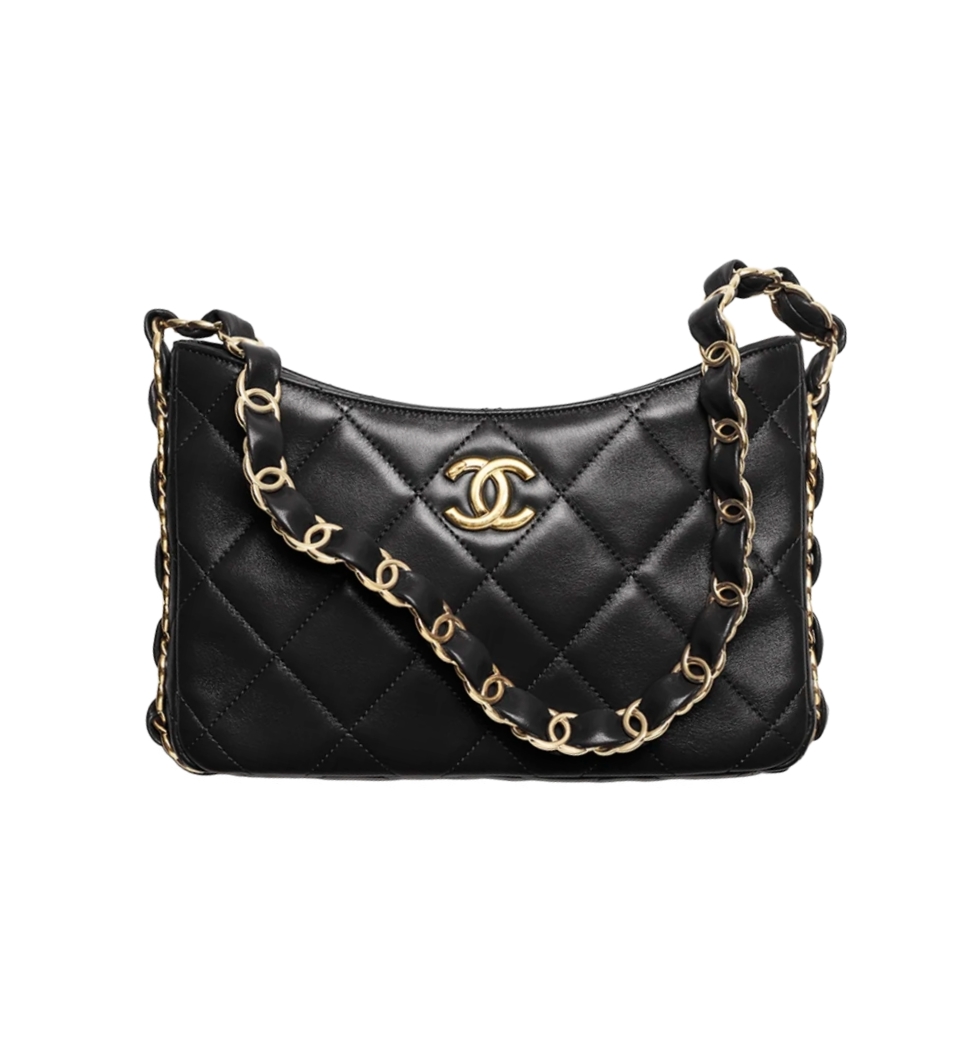 [프리미엄/해외배송]CC로고 체인 호보 핸드백(블랙/금장/램스킨)
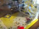 Подключил его к миниарене, дал немного сухого белкового корма, немного семян и пою сахарным сиропом.
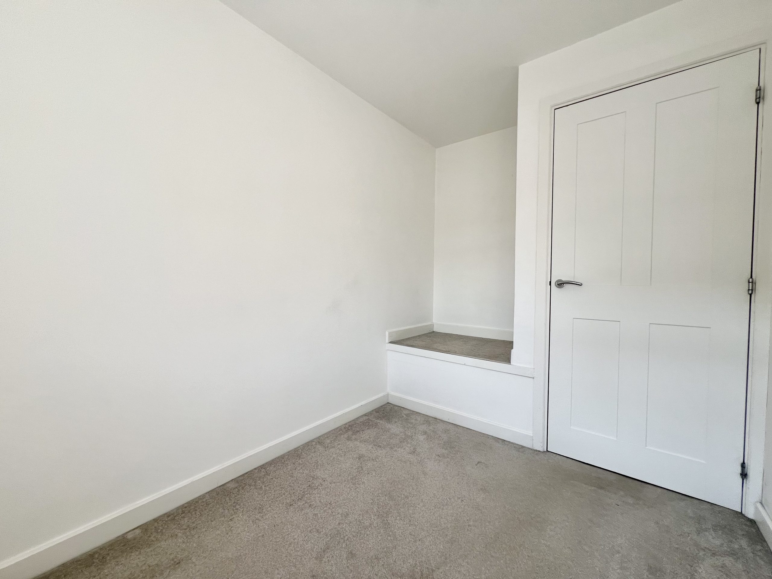 Bedroom Three is positioned at the front of the property, this well-proportioned bedroom is finished with fitted carpeting, a radiator, and a pendant light fitting. Its flexible layout makes it ideally suited for use as a child’s bedroom, home office, or dressing room.
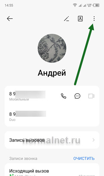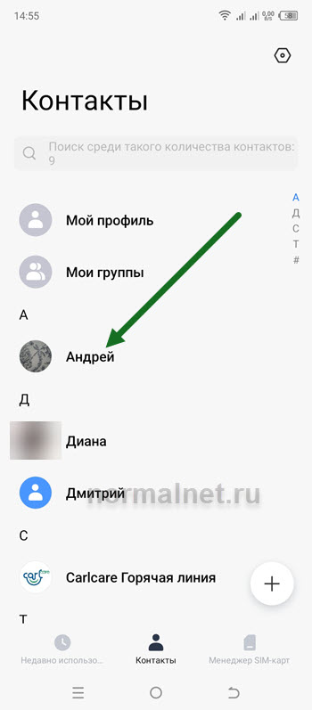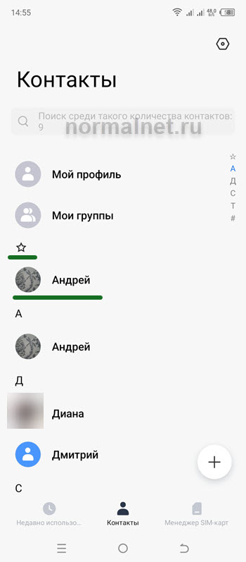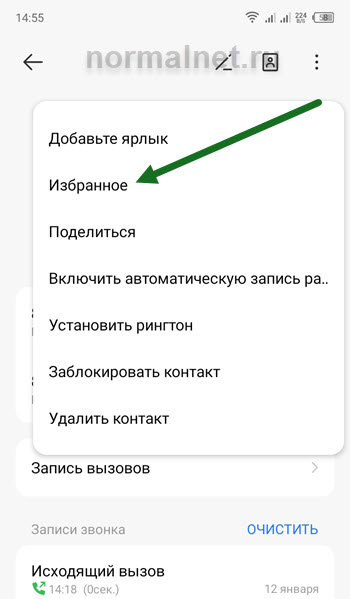 6. Поставленная задача выполнена, теперь данный номер дублируется в верху списка, под звёздочкой в разделе избранное.
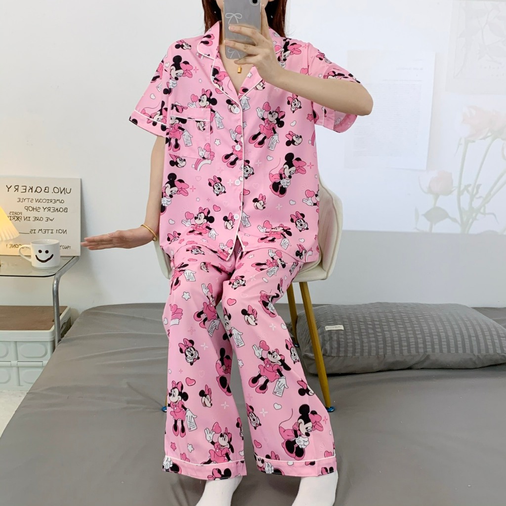 🔥พร้อมส่ง🔥 ชุดนอน ผ้าไหมอิตาลี่ เเขนสั้น-ขายาว ผ้าดี มีหลายลายให้เลือก ฟรีไซส์ SL-2
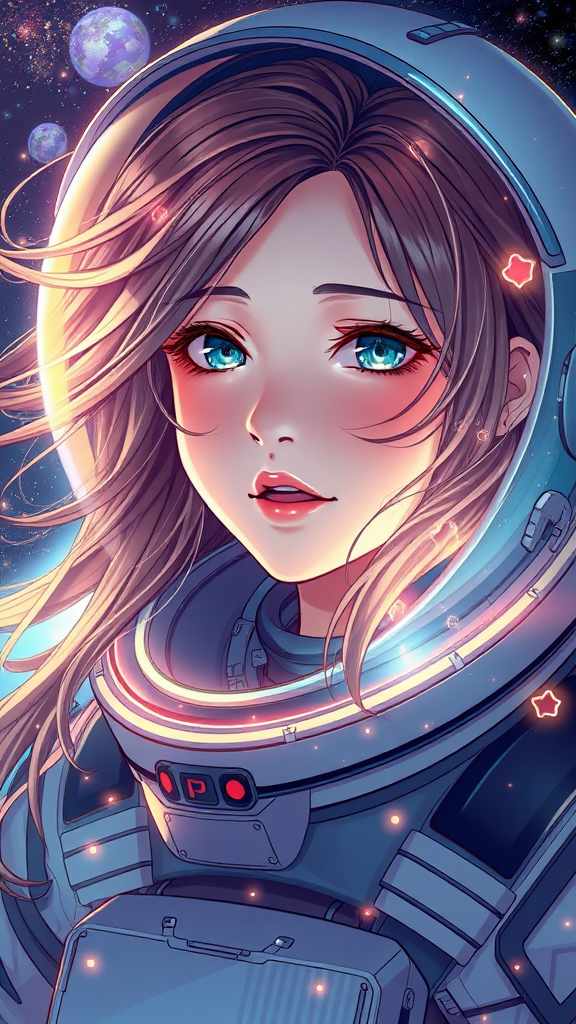 Astounding full-length portrait of a young female astronaut, intricately detailed and beautifully crafted in vibrant fanart. She has a stunningly gorgeous face with ethereal, magical glowing trails swirling around her, accompanied by delicate light dust particles. The visual is rendered in rich, full-color manga style with an anime key visual flair. Her hair, flowing and exquisite, adds an extra layer of dynamism, enhancing the overall captivating and otherworldly theme.
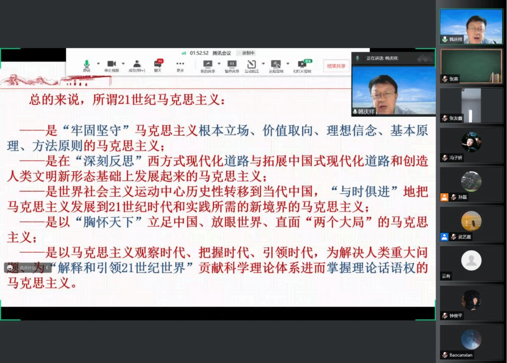 6月9号上午,北外马克思主义讲堂第九期以线上会议的形式成功举办。中央党校一级教授、中央党校专家工作组领衔专家韩庆祥教授受邀出任本次活动的主讲人,并以“21世纪马克思主义的理论阐释”为题做了报告。本次讲座由威廉体育williamhill经理韩强教授主持,共有包括北外马院师生在内的全国高校师生300余人参会。
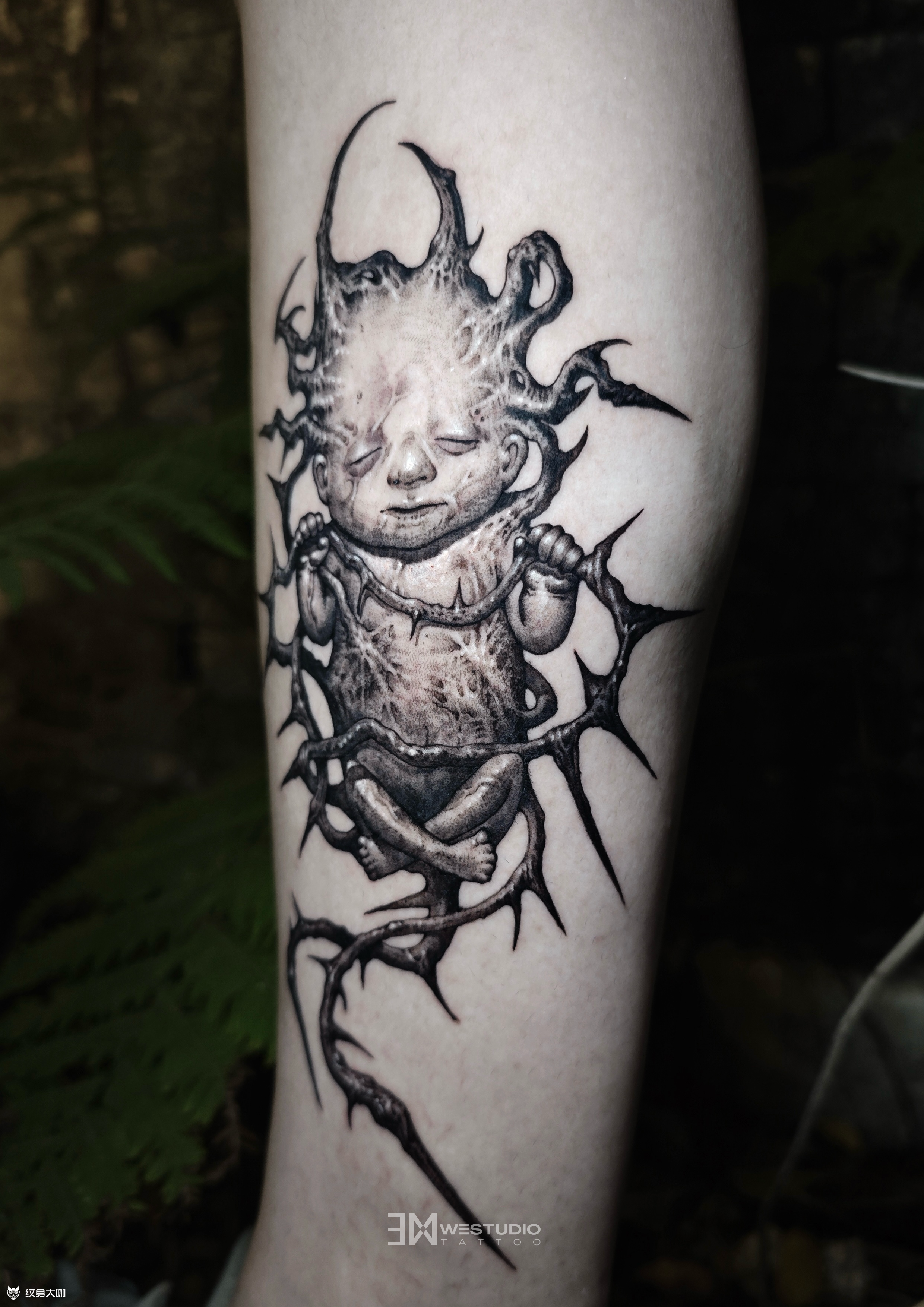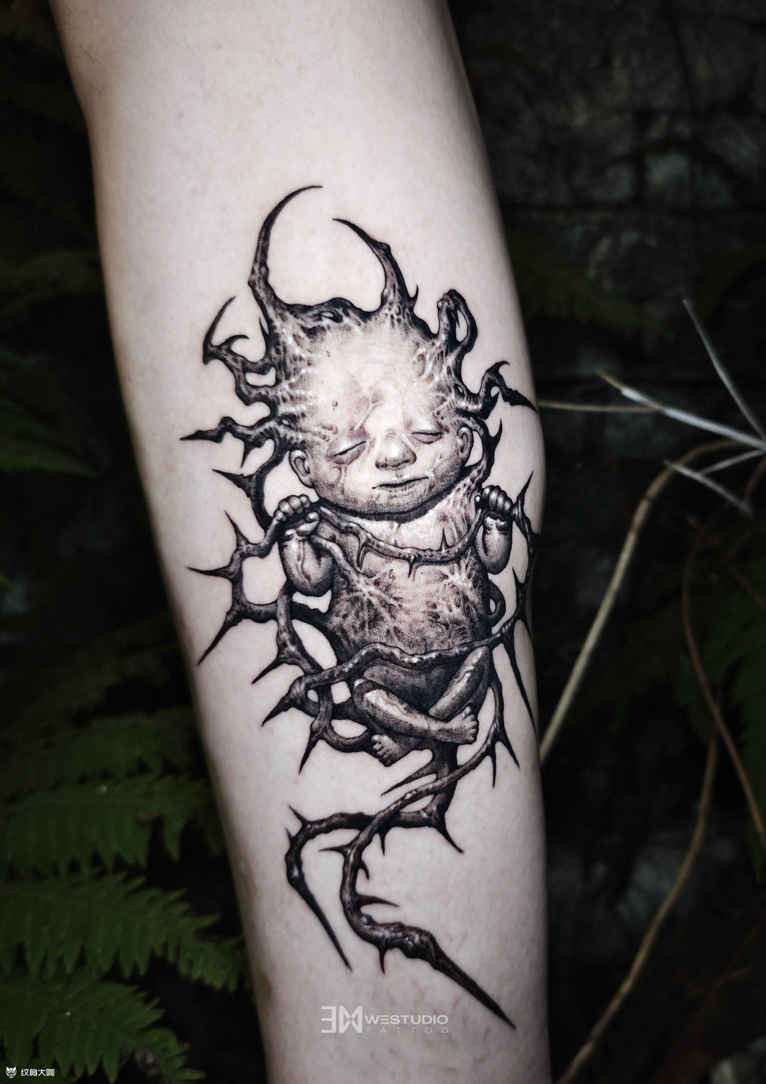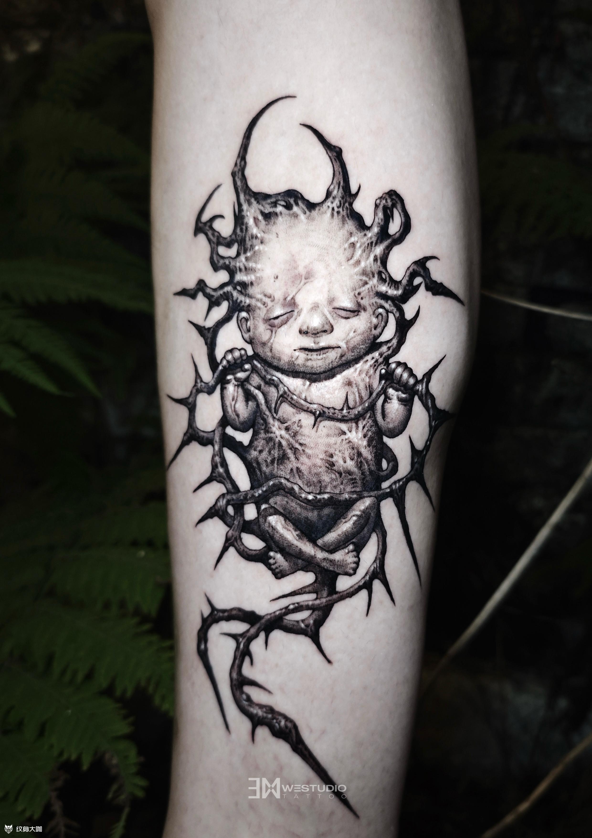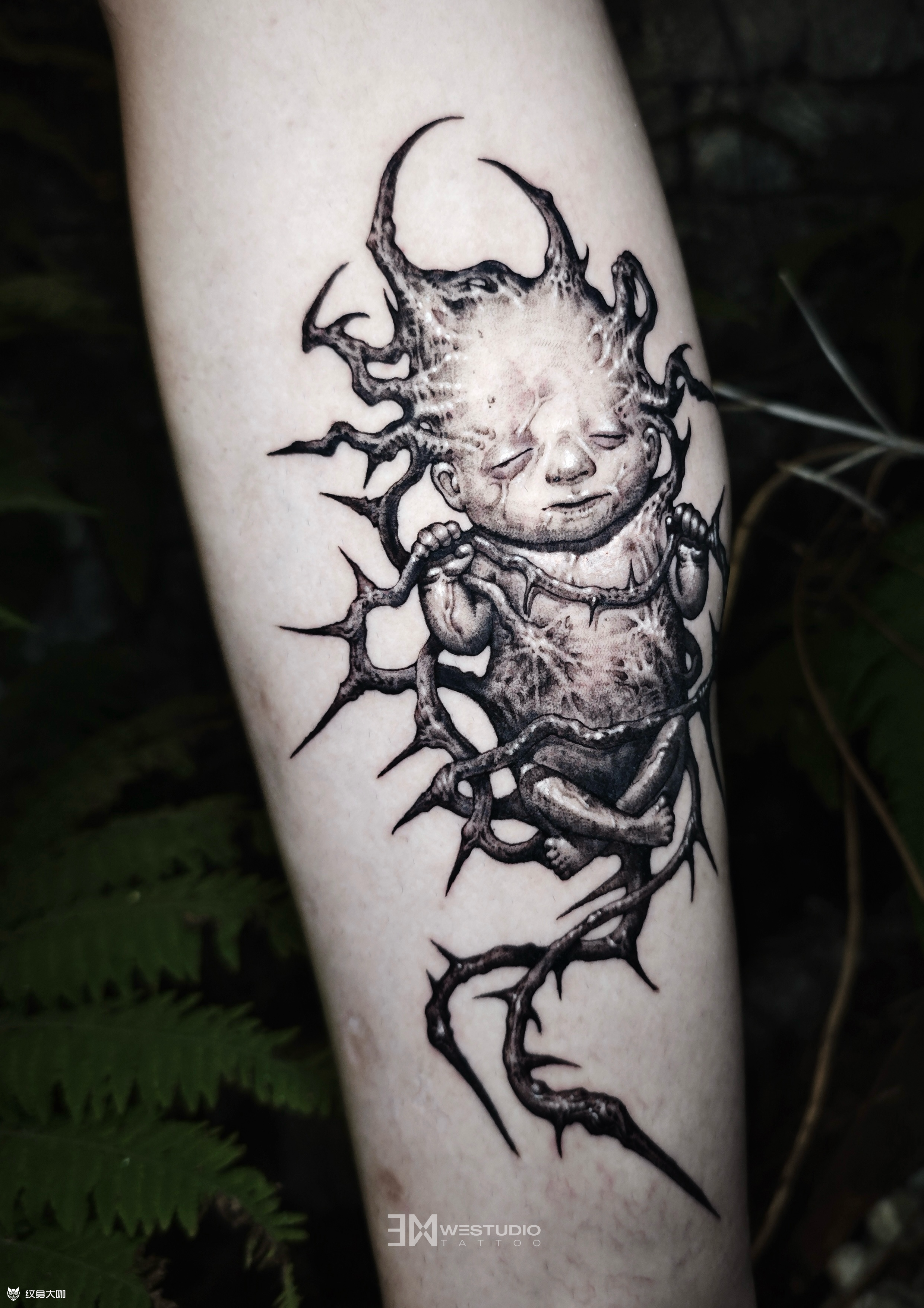 《小魔童》 混沌翻涌的世间, 异变婴在虚无迷雾里诞生。 小魔童的身躯生满狰狞尖刺, 每一寸骨棘都在沉默着反抗, 他以稚弱之形对抗这荒诞世界砸来的所有恶意与不公—— ◾️店内作品 by肥犬 ◾️WE STUDIO成都原创纹身工作室 ◾️定制设计作品|一人一图

Task prompt:
Using the records above, print exactly the lines between the ones containing "Подключил его к" and "มีหลายลายให้เลือก ฟรีไซส์ SL-2", inclusive, and nothing else; no pictures.

Solution to the problem:
 Подключил его к миниарене, дал немного сухого белкового корма, немного семян и пою сахарным сиропом.
 Bedroom Three is positioned at the front of the property, this well-proportioned bedroom is finished with fitted carpeting, a radiator, and a pendant light fitting. Its flexible layout makes it ideally suited for use as a child’s bedroom, home office, or dressing room.
 6. Поставленная задача выполнена, теперь данный номер дублируется в верху списка, под звёздочкой в разделе избранное.
 🔥พร้อมส่ง🔥 ชุดนอน ผ้าไหมอิตาลี่ เเขนสั้น-ขายาว ผ้าดี มีหลายลายให้เลือก ฟรีไซส์ SL-2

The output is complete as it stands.